Entries taken from a collection:
☆ ☆ ☆ ☆ ☆ ☆ ☆

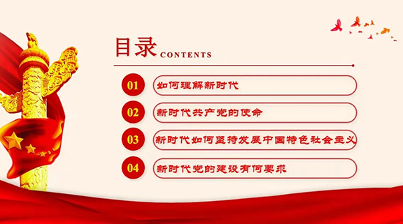 本次主题团课首先围绕“什么是新时代”、“新时代共产党的使命”、“如何坚持和发展中国特色社会主义”、“新时代党的建设有何要求”等问题展开,带领大家共同解读习近平新时代中国特色社会主义思想的内在逻辑,正确理解新时代的内涵与意义。
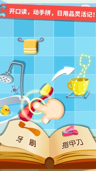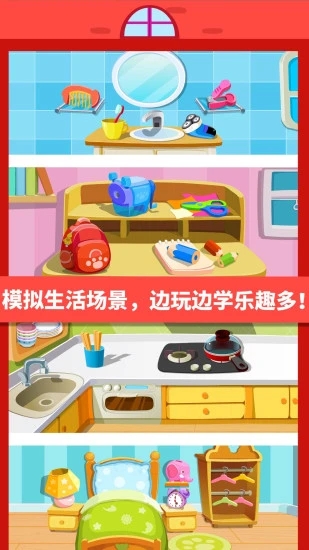 游戏以熊猫宝宝的温馨小家为背景,在这个充满生活气息的房子里,藏着许多有趣的日用品等待孩子们去发现。从客厅里滴答作响的时钟,到浴室里冒着泡泡的浴缸;从厨房中妈妈系着的围裙,到书房里爸爸用的打火机,每一个物品都设计得栩栩如生。游戏特别注重细节表现,比如时钟会真实走动,浴缸里的泡泡会随着触摸而变化,这些精巧的设计都能激发孩子的好奇心。当孩子找到隐藏的日用品时,游戏会播放标准的发音和详细的介绍,帮助孩子全方位认识这些物品。
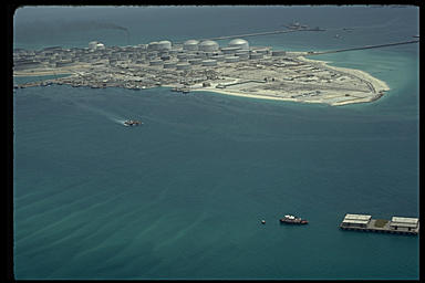 Flying north up the coast of the gulf over ARAMCO facilities. (Probably around Ras Tanura, Aramco facility)
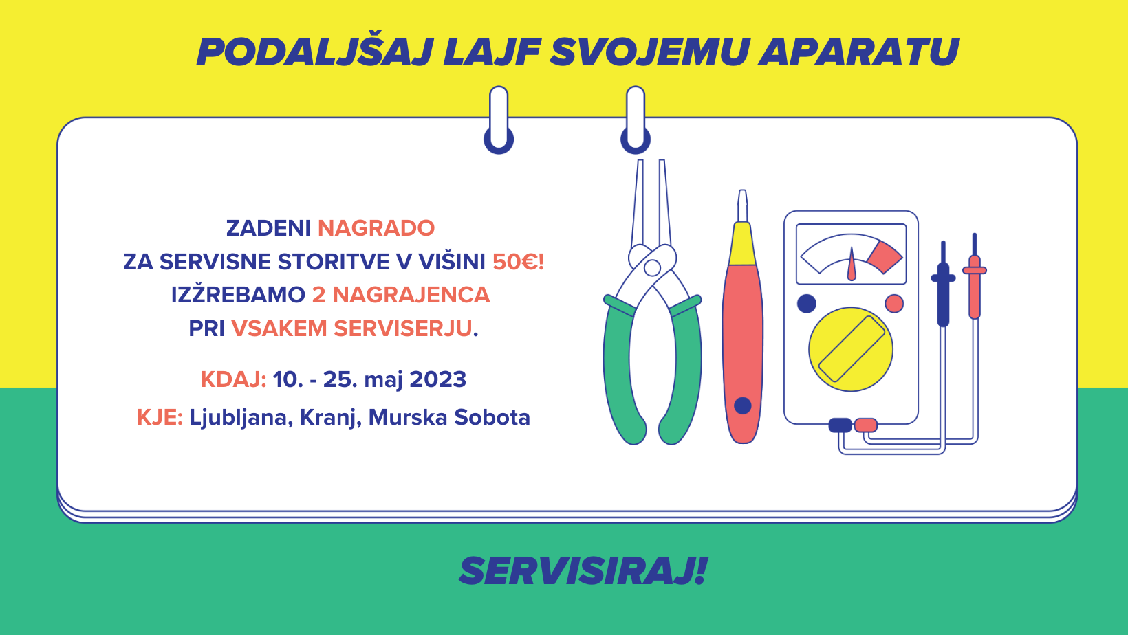 Vsi, ki boste med 10. in 25. majem 2023 svoj električni aparat prinesli v pregled in/ali popravilo na omenjeni servis, lahko sodelujete v nagradni igri za 2x bon za pregled in popravilo v vrednosti 50 evrov pri istem serviserju.
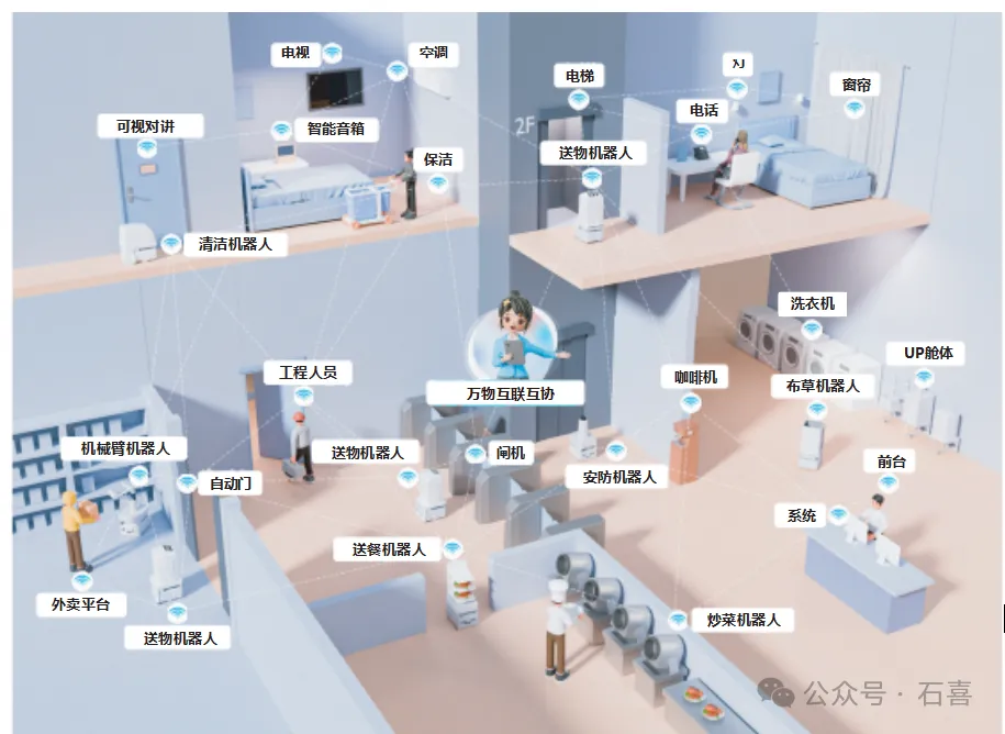 机器人进入电梯后,前往指定楼层,再导航至宾客房间,完成送物任务。最后,通信系统会向宾客的设备发送确认信息,确保实现端到端的服务透明度。
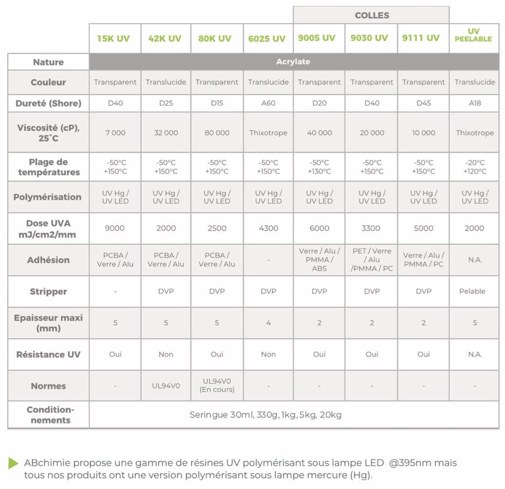 Les résines UV et colles UV de la gamme ABchimie ont été spécialement formulées pour assurer la protection optimale de vos sous-ensembles électroniques mais également pour répondre à des problématiques variées.

☆ ☆ ☆ ☆ ☆ ☆ ☆

_Task description_.
Nothing but the lines from the one with "Vsi, ki boste" to the one with "机器人进入电梯后,前往指定楼" above, both included, should be transcribed, exactly and without pictures.

_The completed task_.
 Vsi, ki boste med 10. in 25. majem 2023 svoj električni aparat prinesli v pregled in/ali popravilo na omenjeni servis, lahko sodelujete v nagradni igri za 2x bon za pregled in popravilo v vrednosti 50 evrov pri istem serviserju.
 机器人进入电梯后,前往指定楼层,再导航至宾客房间,完成送物任务。最后,通信系统会向宾客的设备发送确认信息,确保实现端到端的服务透明度。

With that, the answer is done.